Bishop James Sullivan- Bishop James Sullivan- He argues that God has providence of matters of life and death. Further he claims that "intentional killing" is always wrong. He thinks both passive and active Euthanasia are wrong- yet he admits that there are cases- such as an infant that is suffering from a painful and incurable condition, where the doctor should make the baby feel good and withhold treatment- (Hence passive euthanasia) But it was okay because the goal was not intentional killing, just easing of pain…
Analysis of Sullivan Sullivan is inconsistent. Further his arguments are not very good. He employs the wedge principle- (Rachels "the slippery slope") The claim is that once we allow passive euthanasia, it will lead to active euthanasia and eventually people will be killing each other for the most trivial of reasons.
Rachels’ response Rachels gives a rebuttal where he points out the wedge principle follows neither logically or psychologically. Logically it does not follow that if we allow one form of euthanasia that we must also accept any other type of killing. Psychologically, it is not the case as a society that because we have allowed one form of Euthanasia that we have lost all social control and there is murder and mayhem in the streets.

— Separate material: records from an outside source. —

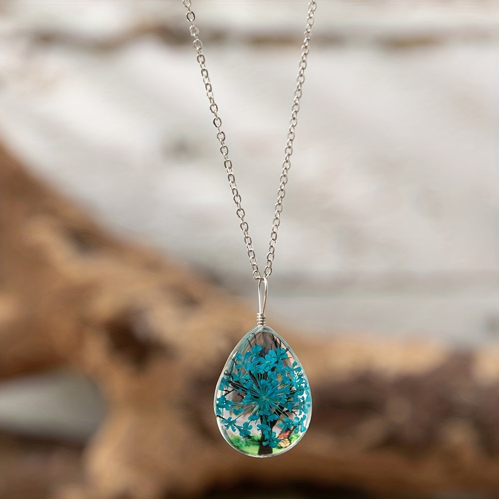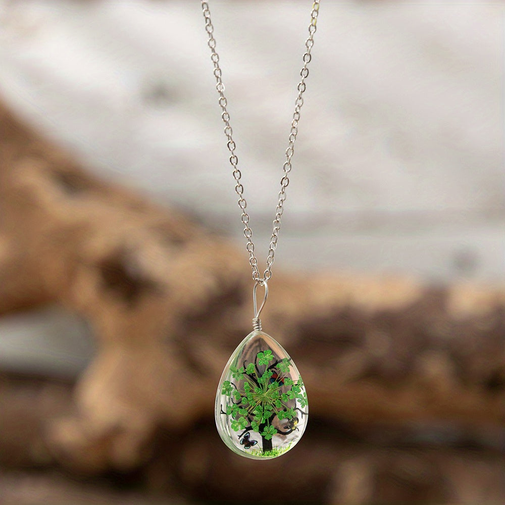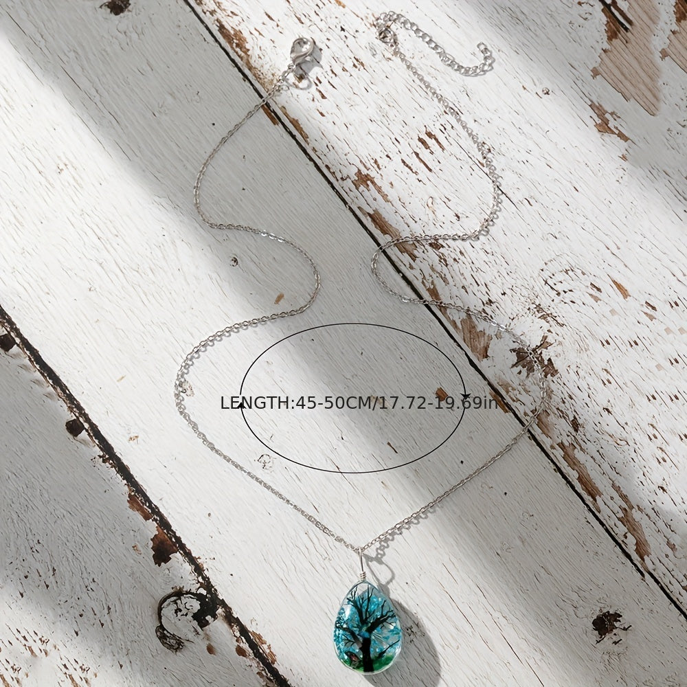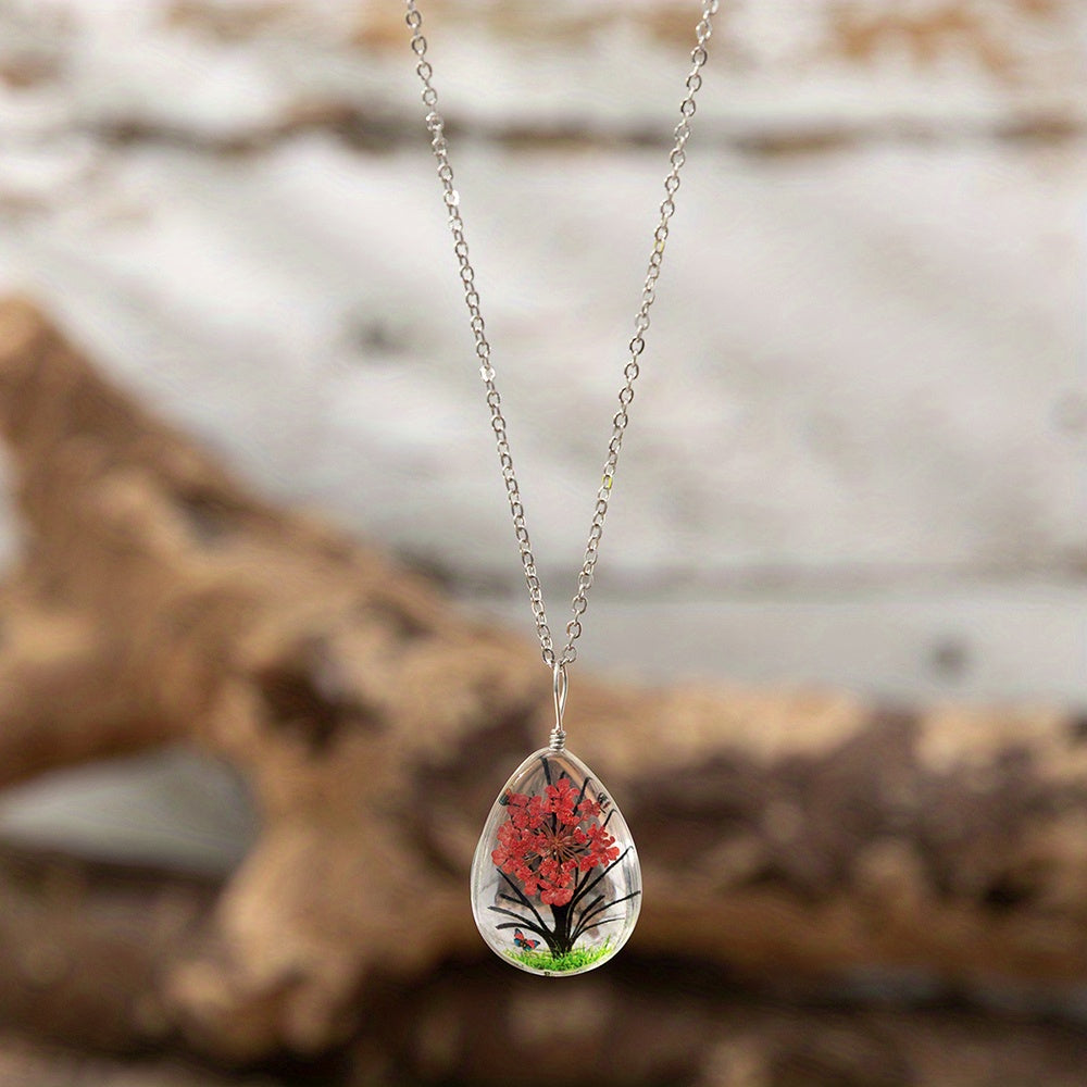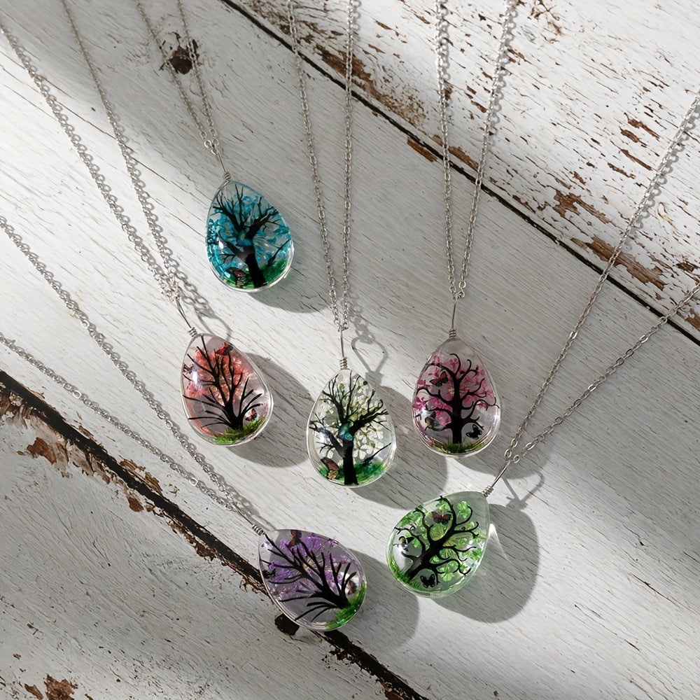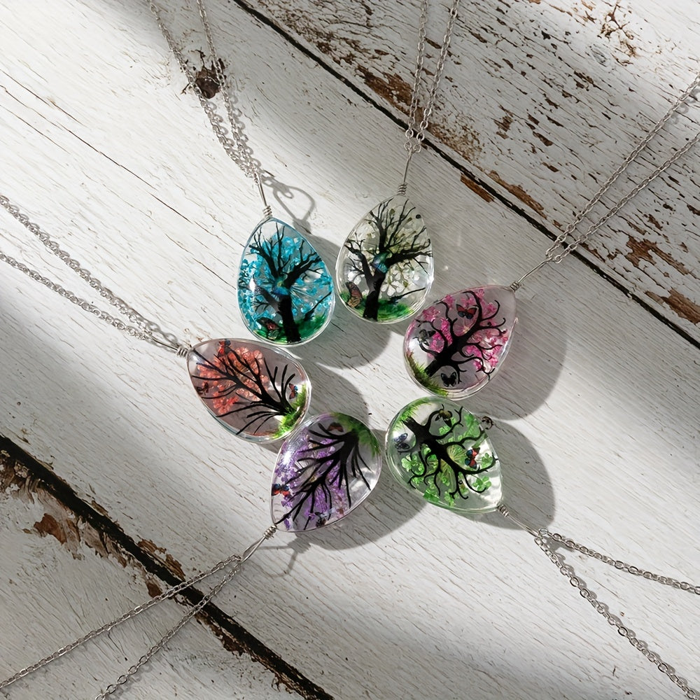 This pendant necklace features a colorful Tree Of Life design with a butterfly and flower. The pendant is double-sided glass crystal.
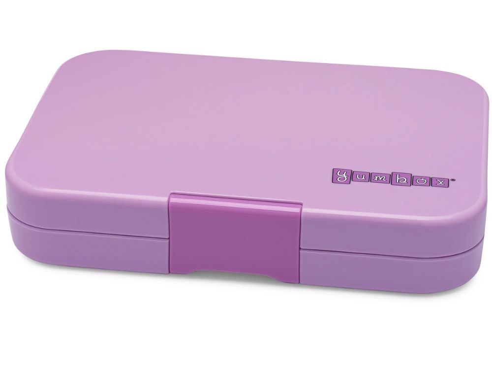 Stor og praktisk bento madkasse fra Yumbox i farven seville purple med en inderbakke dekoreret med et fint regnbueprint i pastelfarver. Madkassen har fire rummelige rum, der gør det nemt at pakke en varieret og sund frokost med plads til alt fra sandwiches og grøntsager til yoghurt og dip.
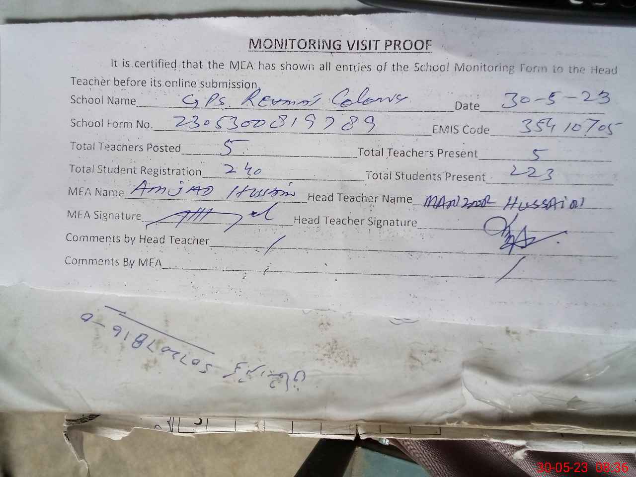 | EMIS Code: 35410705 | Name of School: GPS REHMAT COLONY FEROZWALA | |||
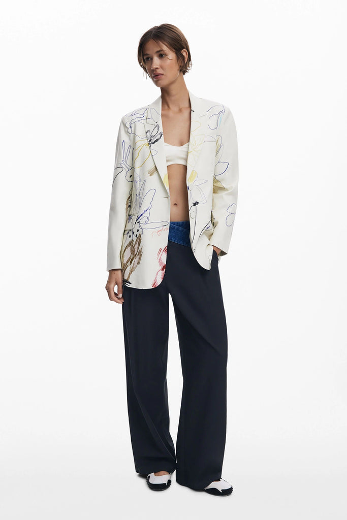 Desigual Arty Print White Regular Fit Blazer 25WWEW21
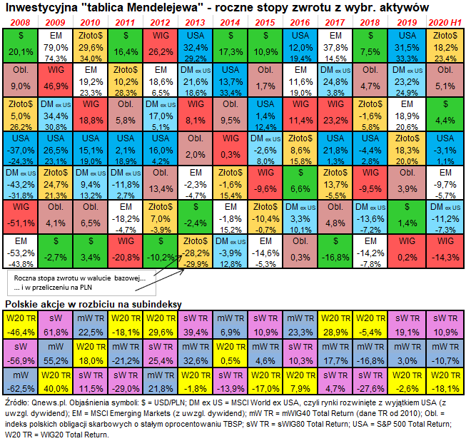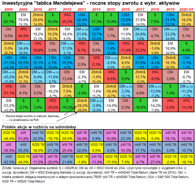 Zarówno koniec roku, jak i półrocza, to dla nas tradycyjnie okazja, by odświeżyć naszą „inwestycyjną tablicę Mendelejewa”, czyli barwnie zilustrowane zestawienie stóp zwrotu z wybranych aktywów, takich jak akcje z różnych rynków, polskie obligacje skarbowe, złoto, dolar amerykański. Cechą charakterystyczną owej tabeli jest uszeregowanie stóp zwrotu dla poszczególnych lat od najwyższych do najniższych (co oznacza, że dla każdego roku mamy osobny ranking). To swoista „piguła” zawierająca w kompaktowy sposób mnóstwo informacji na temat wyników inwestycyjnych.
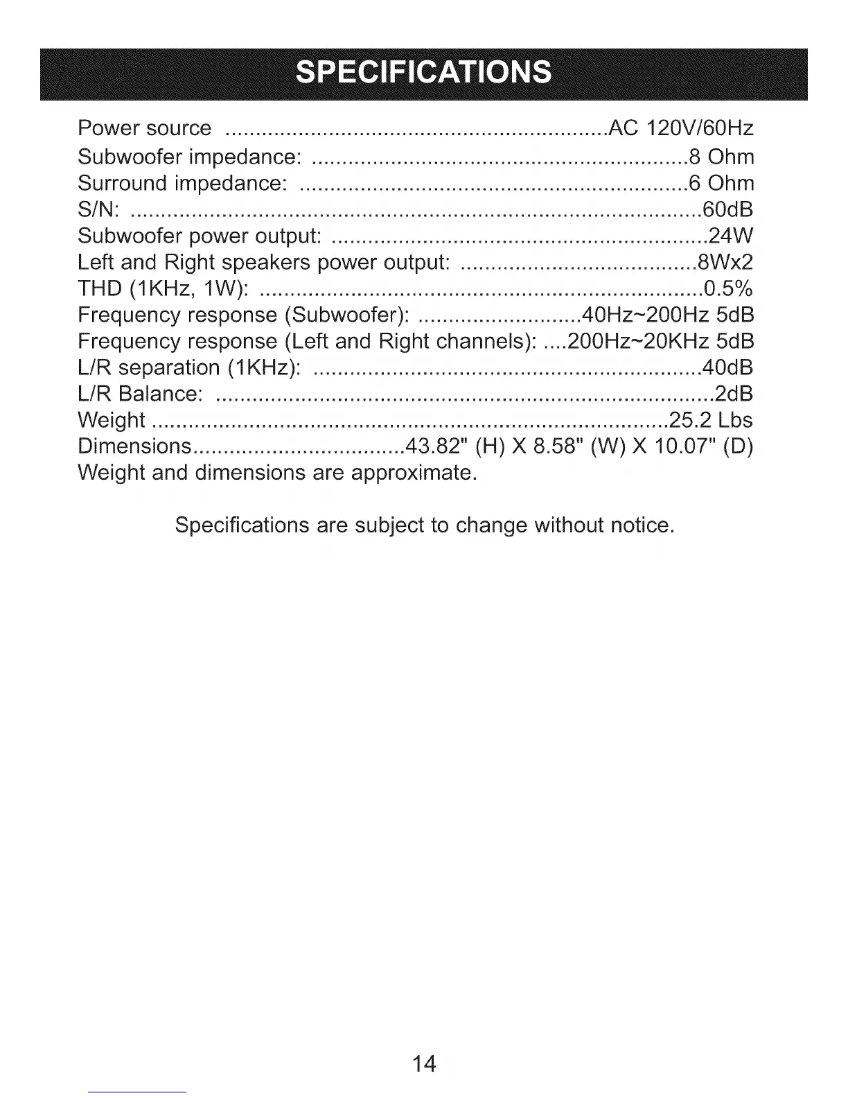 Frequency response (Subwoofer): ........................... 40Hz--,200Hz 5dB
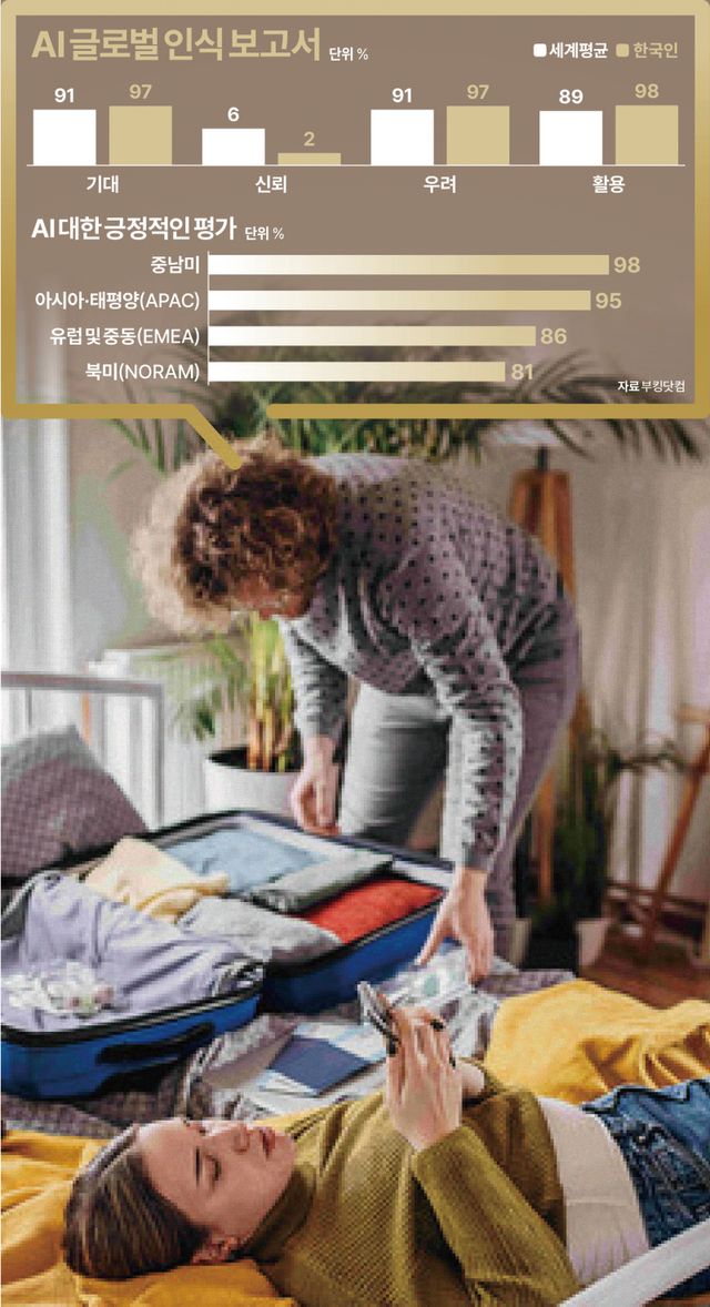 태도 역시 흥미롭다. 부킹닷컴의 AI 글로벌 인식 보고서에 따르면, 전 세계 응답자의 91%가 AI에 기대감을 느낀다고 답했지만, “AI를 완전히 신뢰한다”고 밝힌 비율은 6%에 불과했다. 응답자 중 10명 중 9명은 AI를 보조 도구로 여기되, 최종 결정은 스스로 확인하려는 태도를 보인 것이다.
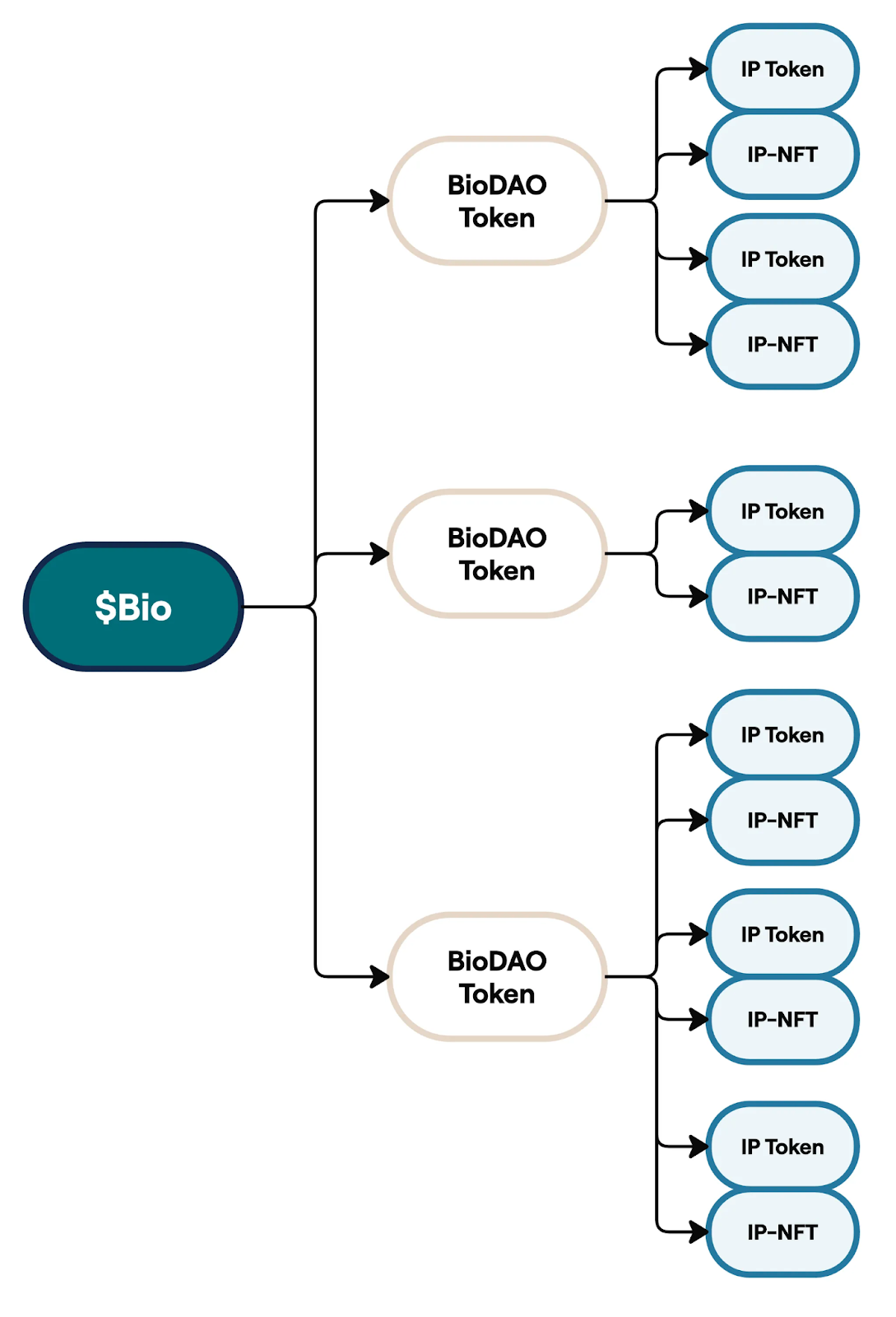 BIO目前有7个活跃的DAO,研究内容长寿健康、脱发治疗、大脑健康等。需要注意的是,BioDAO并不是指在某一方向,比如长寿健康赛道的一支研究团队,而是应该被看作BIO Protocol的具体实现。为什么我这样说?请看上图BIO Protocol商业模式导图,简单来说,BIO 是一个嵌套Launchpad,加上无收益staking,加上激励,加上内嵌Launchpad实现无限拆分盘。BIO 由这四部分组成。

Euthanize the old people Margaret Battin- She argues that because of a scarcity of heath care resources medical treatment ought to be withheld from the elderly. This is in effect arguing for passive euthanasia, because you are withholding lifesaving treatment. She argues for this because she thinks that the resources will serve the community better if they are spent on the younger segment of the population.
It is important to note that such a situation, if it were instituted right now, would result in an injustice to elderly people today. Why? Because in point of fact, they have not benefited in their youth by such a system. Secondly such a system should not be adopted if there are enough resources in place. If we have enough medicine and enough doctors, then we should not withhold treatment from anyone.